What to work on -
Please set down only the lines below starting with the line with "Photograph of College" and going on through the line with "Поднявшись на трибуну, губернатор", verbatim and without pictures.

Records -
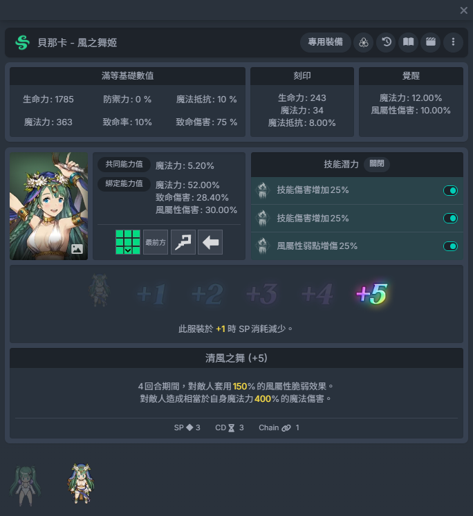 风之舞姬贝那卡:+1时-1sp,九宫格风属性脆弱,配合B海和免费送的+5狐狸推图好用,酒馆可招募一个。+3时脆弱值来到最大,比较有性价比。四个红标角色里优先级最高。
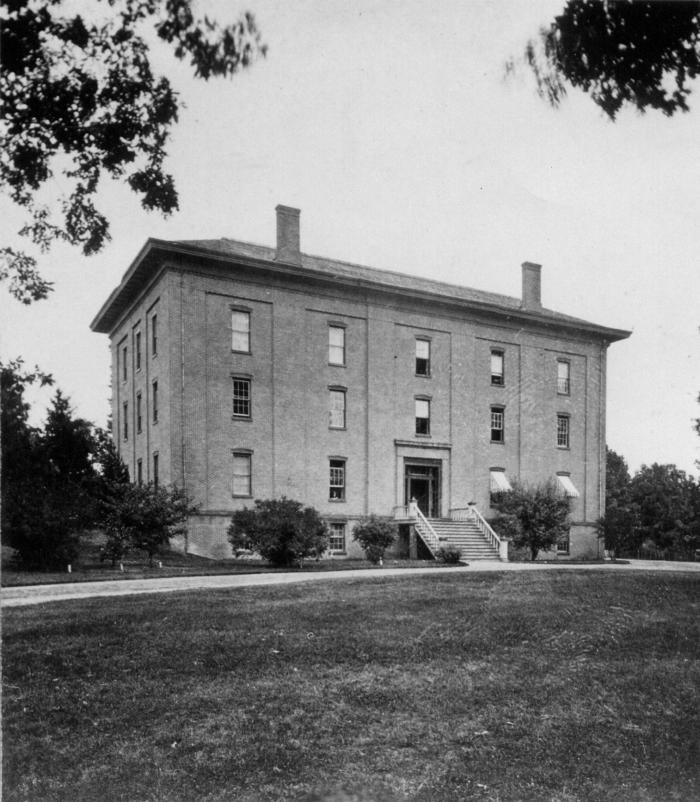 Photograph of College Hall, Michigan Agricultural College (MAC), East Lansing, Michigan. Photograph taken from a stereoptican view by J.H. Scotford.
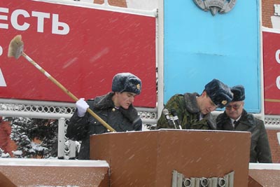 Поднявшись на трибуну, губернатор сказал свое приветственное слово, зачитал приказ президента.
* * *
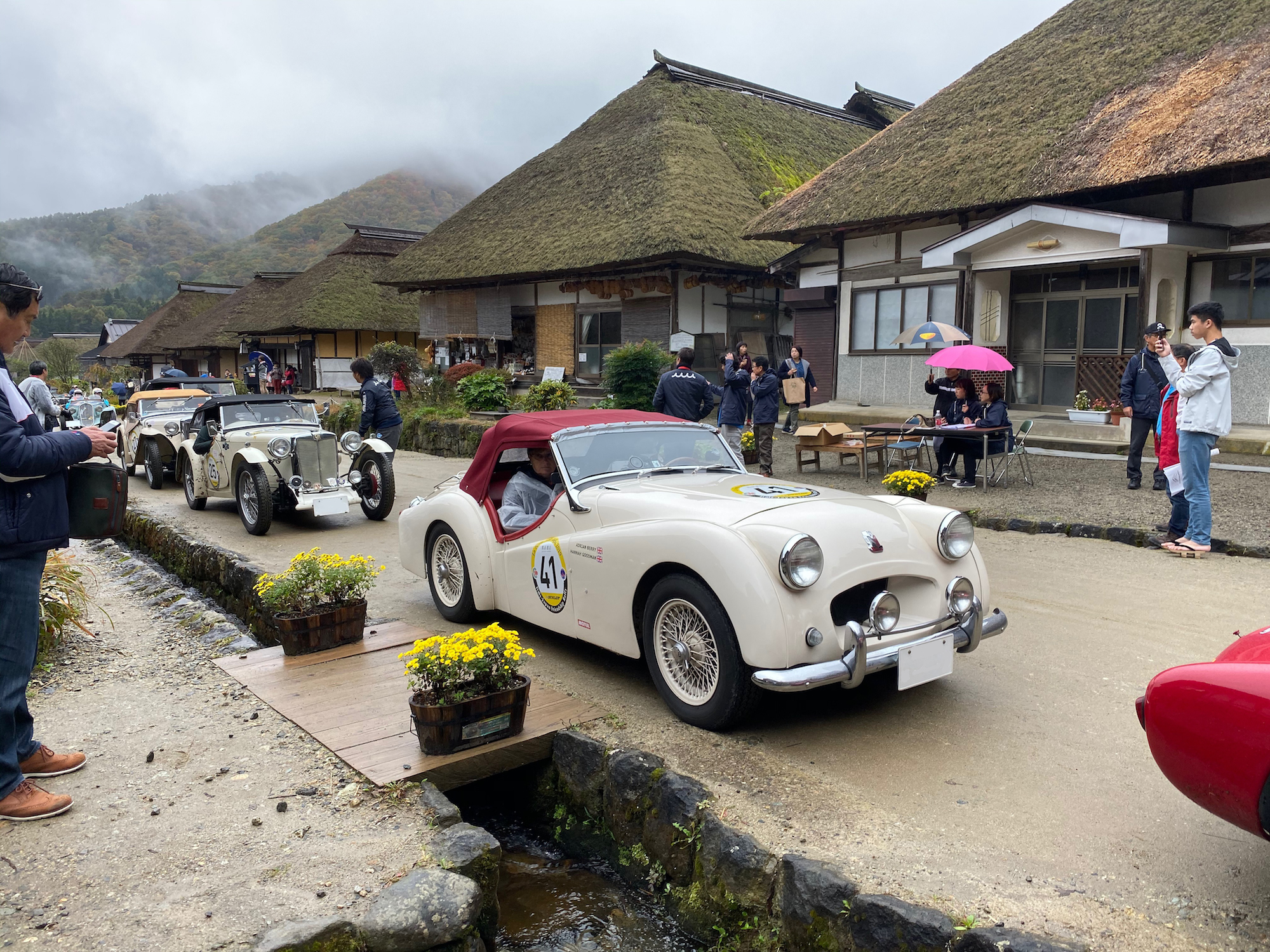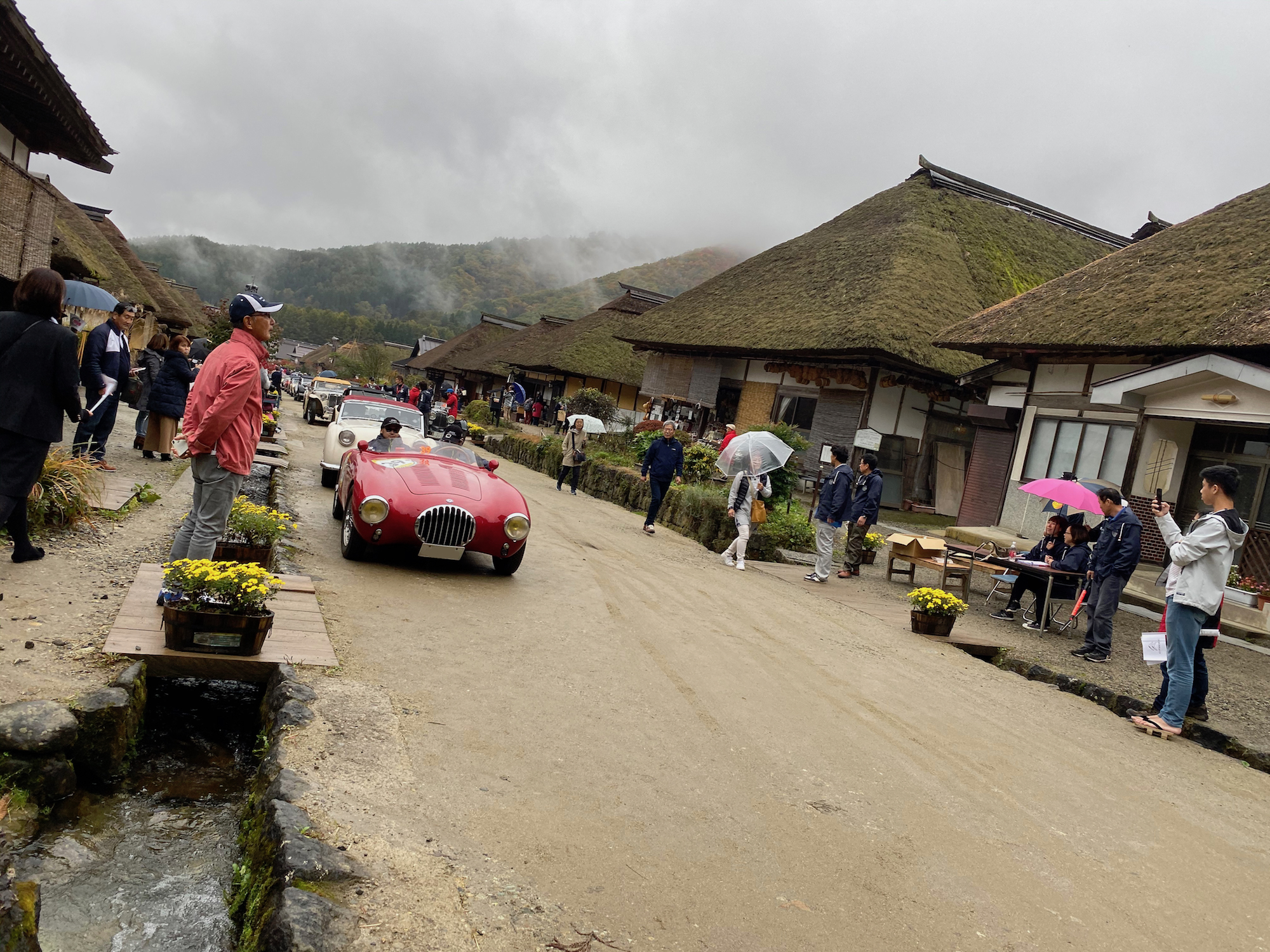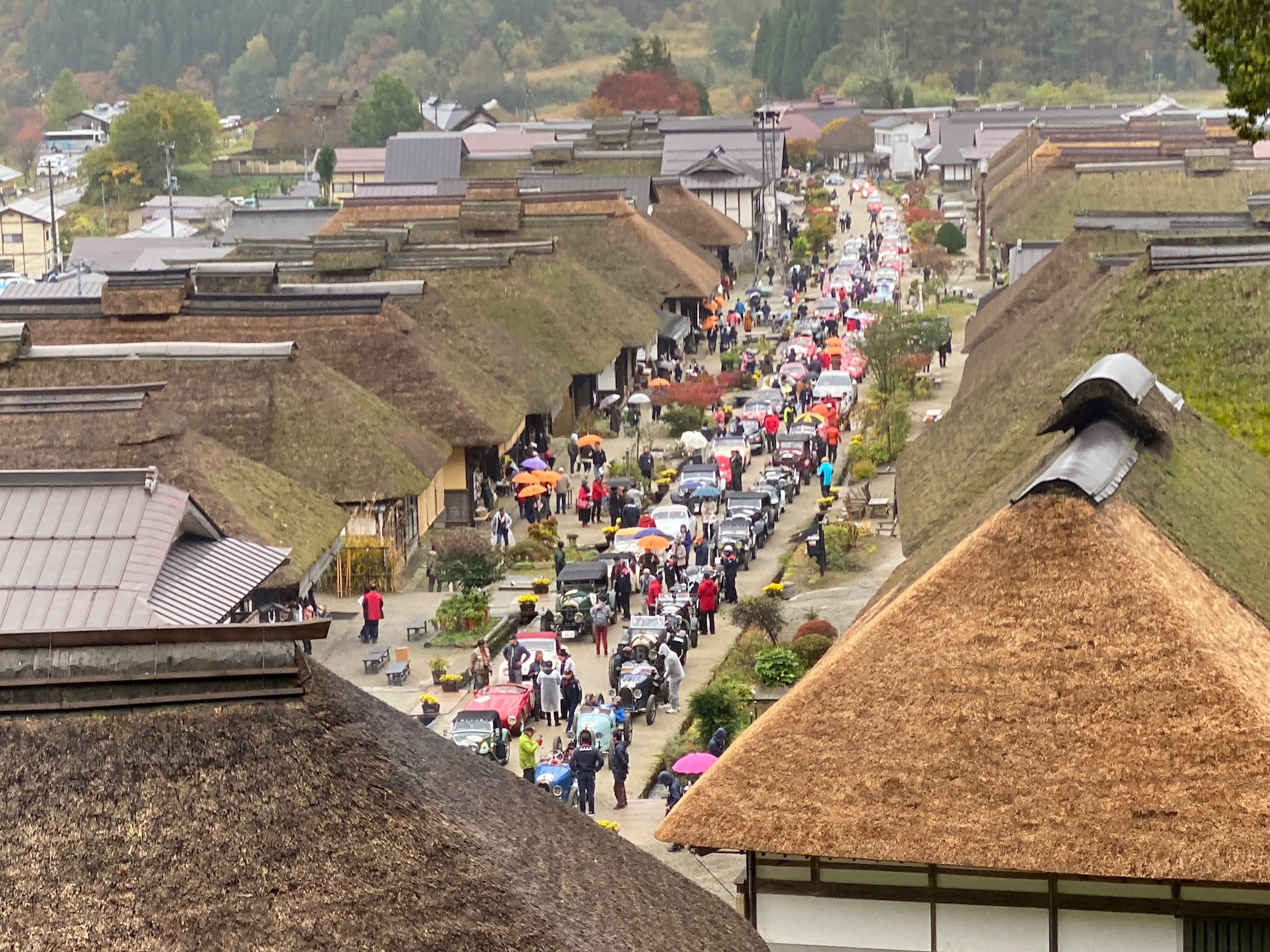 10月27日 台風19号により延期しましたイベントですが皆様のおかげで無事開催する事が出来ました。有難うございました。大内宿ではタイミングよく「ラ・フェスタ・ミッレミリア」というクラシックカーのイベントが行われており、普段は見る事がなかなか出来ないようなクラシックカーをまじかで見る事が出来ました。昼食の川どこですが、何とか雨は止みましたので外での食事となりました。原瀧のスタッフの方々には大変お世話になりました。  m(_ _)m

Written answer -
 Photograph of College Hall, Michigan Agricultural College (MAC), East Lansing, Michigan. Photograph taken from a stereoptican view by J.H. Scotford.
 Поднявшись на трибуну, губернатор сказал свое приветственное слово, зачитал приказ президента.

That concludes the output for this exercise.